Available data:
---+---
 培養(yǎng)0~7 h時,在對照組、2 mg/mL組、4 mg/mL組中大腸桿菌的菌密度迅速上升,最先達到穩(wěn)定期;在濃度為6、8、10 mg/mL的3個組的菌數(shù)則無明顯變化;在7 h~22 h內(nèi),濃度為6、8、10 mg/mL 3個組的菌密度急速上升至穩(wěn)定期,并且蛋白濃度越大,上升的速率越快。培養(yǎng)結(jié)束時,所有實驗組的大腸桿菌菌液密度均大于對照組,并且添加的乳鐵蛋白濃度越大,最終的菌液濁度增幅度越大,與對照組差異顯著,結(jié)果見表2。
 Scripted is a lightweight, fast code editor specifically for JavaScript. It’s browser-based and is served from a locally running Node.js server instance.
---+---
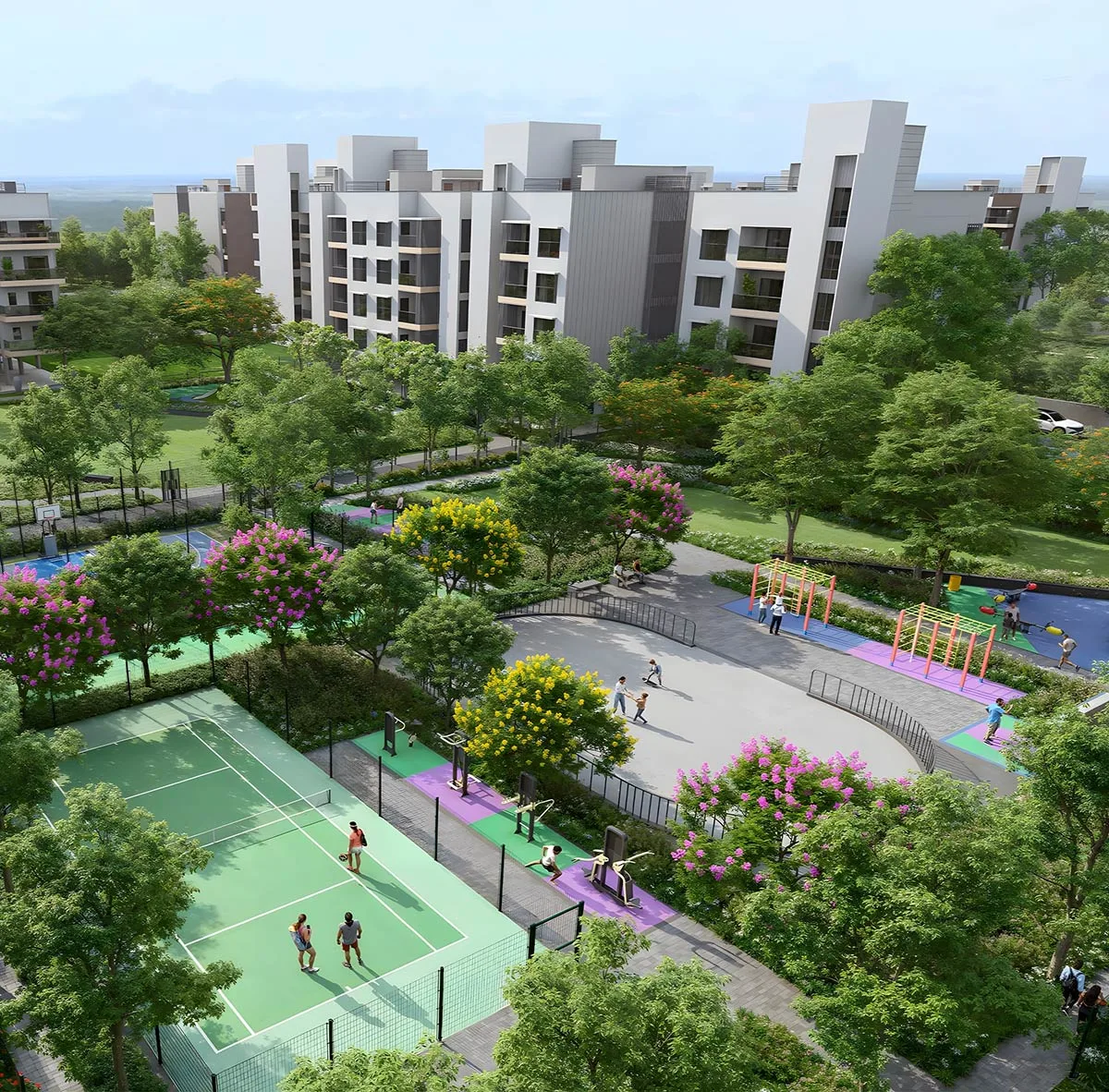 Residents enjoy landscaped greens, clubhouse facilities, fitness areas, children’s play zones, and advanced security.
---+---
Requirement: Retype the portion of the data above that starts on the line with "培養(yǎng)0~7 h時,在對照組、2 mg/mL組、4" and finishes on the line with "Scripted is a", including both of those lines.

Completed task:
 培養(yǎng)0~7 h時,在對照組、2 mg/mL組、4 mg/mL組中大腸桿菌的菌密度迅速上升,最先達到穩(wěn)定期;在濃度為6、8、10 mg/mL的3個組的菌數(shù)則無明顯變化;在7 h~22 h內(nèi),濃度為6、8、10 mg/mL 3個組的菌密度急速上升至穩(wěn)定期,并且蛋白濃度越大,上升的速率越快。培養(yǎng)結(jié)束時,所有實驗組的大腸桿菌菌液密度均大于對照組,并且添加的乳鐵蛋白濃度越大,最終的菌液濁度增幅度越大,與對照組差異顯著,結(jié)果見表2。
 Scripted is a lightweight, fast code editor specifically for JavaScript. It’s browser-based and is served from a locally running Node.js server instance.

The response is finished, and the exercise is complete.